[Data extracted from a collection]

□ □ □

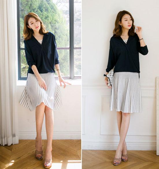 Thay vì lựa chọn những chiếc váy áo cổ tròn hay cổ thuyền, bạn nên "kết thân" với áo cổ chữ V hoặc cổ đổ. Thiết kế này sẽ tạo cái nhìn kéo dài theo chiều dọc cơ thể và đương nhiên nó sẽ tạo nên cảm giác phần trên của bạn thon thả.
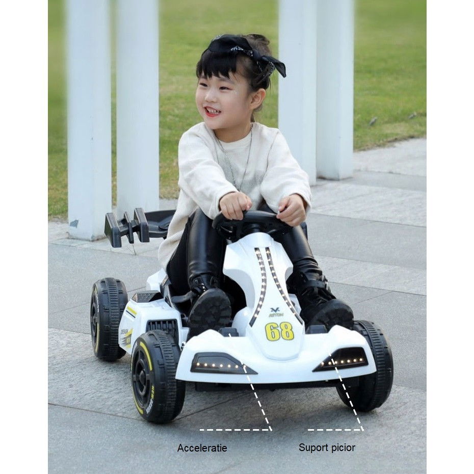 Descoperă senzația de aventură cu noul nostru Kart Electric Flippy! Proiectat pentru distracție și siguranță, acest kart oferă o experiență de conducere captivantă pentru cei mici.
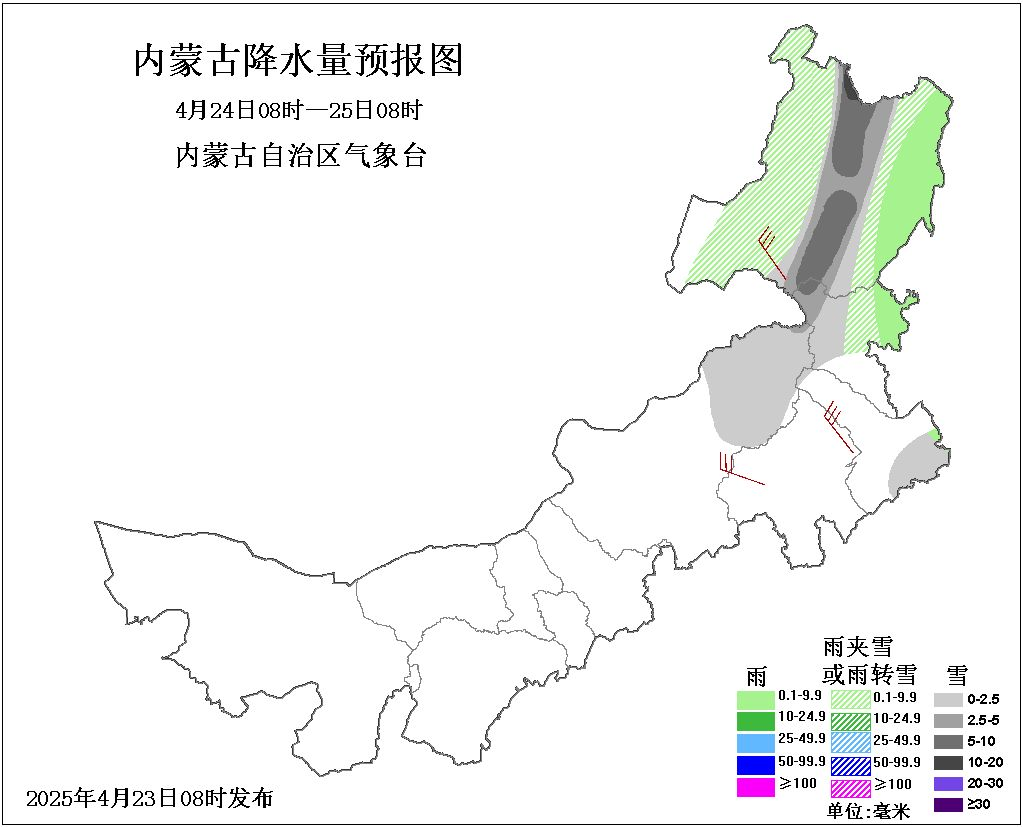 24日08時至25日08時,我區中部偏東北和東部大部地區多雲,錫林郭勒盟東北部、通遼市東南部、興安盟中部和北部、呼倫貝爾市大部有小雪、雨夾雪或小雨,興安盟西北部、呼倫貝爾市中部有中到大雪,局地暴雪,其餘地區晴間多雲;中部偏東和東部地區5、6級短時7、8級局地9級西北風。
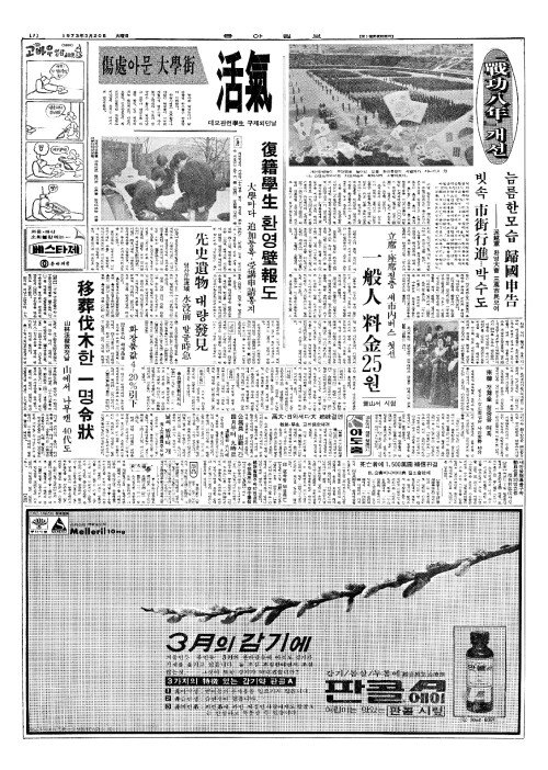 - 데모관련學生(학생) 구제되던날 傷處(상처)아문 大學街(대학가) 活氣(활기)
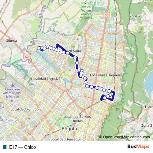 See why over 2 million users trust and consider busmaps.com as the best public transport website. busmaps gives you Bogota Buses suggested routes, real-time bus tracker, line route maps in Bogota, and helps to find the closest E17 bus stops near you. No internet available? Download an offline PDF map and bus schedule for the E17 bus to take on your trip.
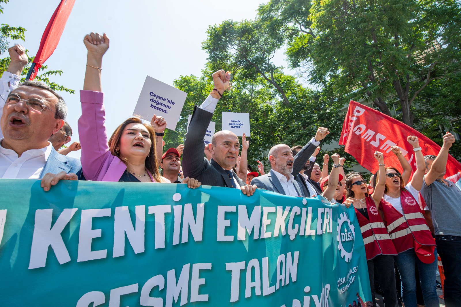 Çeşme Yarımadası'nda Kültür ve Turizm Bakanlığı tarafından yapılmak istenen ve ilçenin yüzde 55’lik alanını kapsayan “Çeşme Turizm Projesi”ne karşı, İzmir Büyükşehir Belediyesi, İzmir Barosu, Türk Mühendis ve Mimar Odaları Birliği (TMMOB), İzmir Tabip Odası, Ege Çevre ve Kültür Platformu (EGEÇEP), Devrimci İşçi Sendikaları Konfederasyonu (DİSK), Türkiye İşçi Sendikaları Konfederasyonu (TÜRK-İŞ), Kamu Emekçileri Sendikaları Konfederasyonu (KESK) ortak basın açıklaması düzenledi.
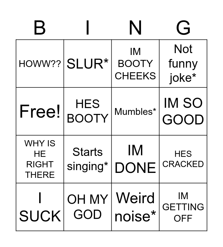 This bingo card has 16 words: OH MY GOD, HES CRACKED, IM BOOTY CHEEKS, HOWW??, WHY IS HE RIGHT THERE, SLUR*, IM DONE, Weird noise*, Free!, HES BOOTY, I SUCK, Not funny joke*, Starts singing*, IM SO GOOD, Mumbles* and IM GETTING OFF.

□ □ □

Starting at the line containing "- 데모관련學生(학생) 구제되던날 傷處(상처)아문 大學街(대학가) 活氣(활기)" and finishing at the line containing "See why over", return those lines exactly as they appear above, without the pictures.

EXPECTED ANSWER:
 - 데모관련學生(학생) 구제되던날 傷處(상처)아문 大學街(대학가) 活氣(활기)
 See why over 2 million users trust and consider busmaps.com as the best public transport website. busmaps gives you Bogota Buses suggested routes, real-time bus tracker, line route maps in Bogota, and helps to find the closest E17 bus stops near you. No internet available? Download an offline PDF map and bus schedule for the E17 bus to take on your trip.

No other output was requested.